If San Diego Gas & Electric wins state approval to form a holding company and become a diversified company, its identity as a local gas and electric company will slowly start to change.
Its role model for diversification may be PacifiCorp, the utility based in Portland, Ore., that, even before it changed its name last year from Pacific Power & Light Co., was involved in a lot more than power and light.
The company began diversifying during the 1950s, buying coal fields in a handful of Western states. Later, the utility bought a small telecommunications company.
Last year, 43% of PacifiCorp's $1.8 billion in revenue came from a diversified base that included cable television, telecommunications, financial services and coal fields. PacifiCorp, which operates coal and hydroelectric generation stations in four states, distributes electricity to 670,000 customers in six northwestern states.
"They're recognized as a leader in the area of diversification," said Steve Edwards, manager of special projects at SDG&E. Edwards is interested in diversification because, starting Monday, SDG&E will present its case for diversification to the Public Utilities Commission.
SDG&E is seeking PUC approval to establish a holding company that would include SDG&E and any corporate offspring that diversification brings. SDG&E reported $1.6 billion in 1984 operating revenues, all of which came from electricity and gas sales in Southern California.
That contrasts with the situation at PacifiCorp, whose natural resource division now includes gold and silver mines, gas and oil exploration, and a distribution and production network that reaches 21 states. In 1984, mining operations generated 21% of the company's revenue.
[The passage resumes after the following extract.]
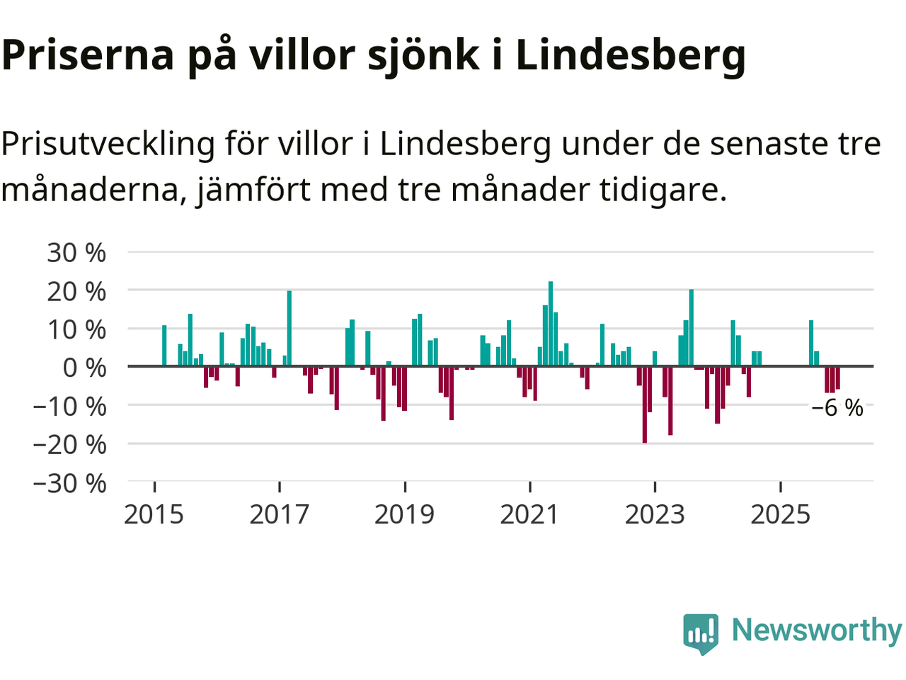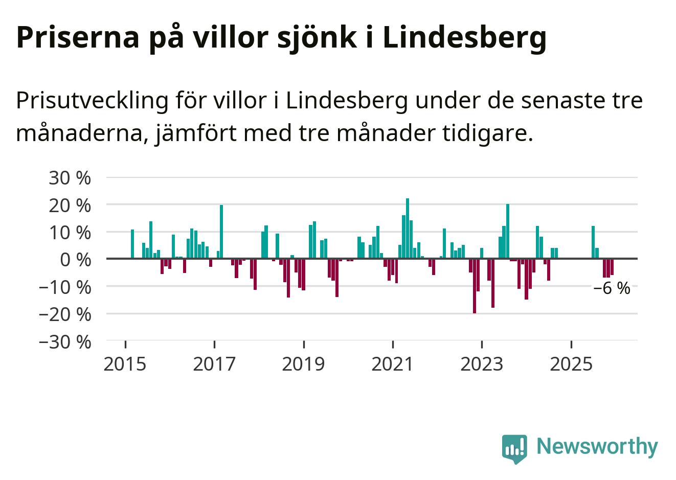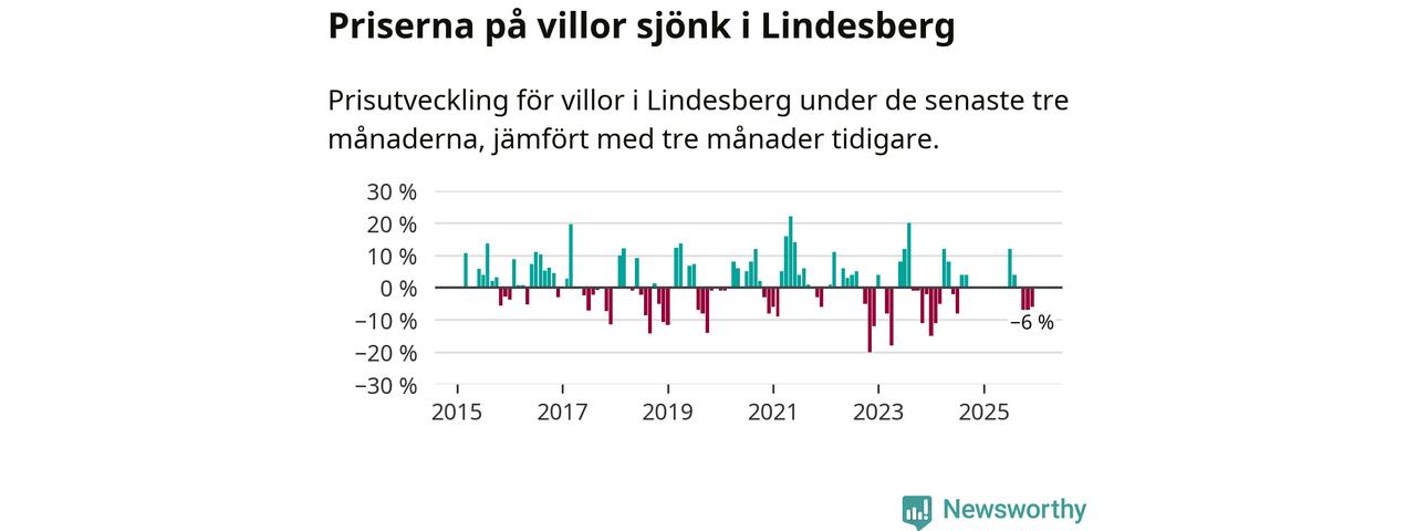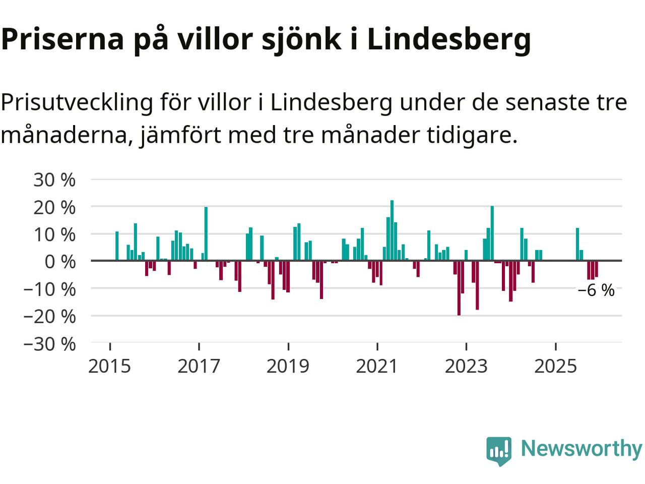 Villapriserna har gått ner i Lindesbergs kommun. Medelpriset på försäljningarna under de senaste tre månaderna visar på en nedgång med 6 procent.
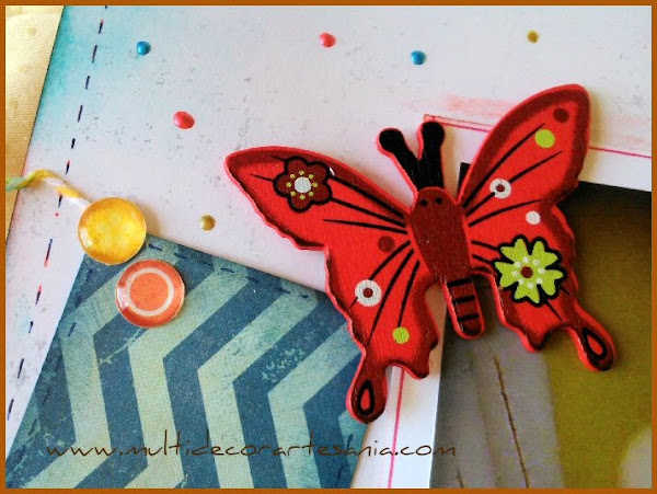 Una mariposa y mariquitas en madera pintadas van danzando por el cordel así como enamels dots grandes y pequeños de fabricación propia.

PacifiCorp's telecommunications operation, which includes a company-owned satellite, 180 earth stations (including one in San Diego) and three major call-switching centers in cities as far away as New York, also pipes Muzak into office buildings. PacifiCorp's telephone service operates in a dozen states, and it handles most long-distance calls in Alaska. Telecommunications accounted for 22% of the company's 1984 revenue.
In August, PacifiCorp used $53 million in cash and a $3-million promissory note to buy the assets of a financial services company that reported $3 million in net income and $40 million in revenue during 1984.
PacifiCorp, which promotes itself as "the nation's most diversified electric utility," has also taken some expensive steps into the high-tech arena: It has purchased interests in companies that manufacture flight instruments, a machine that uses the human eye--rather than fingerprints--to identify people, and a company that produces subliminal anti-theft messages for use by retail stores.
"Our goal for the next year is to contribute an additional $10 million to net income through acquisition growth," PacifiCorp President A.M. Gleason said earlier this year. "We've developed a list of target business lines which we are now studying in depth."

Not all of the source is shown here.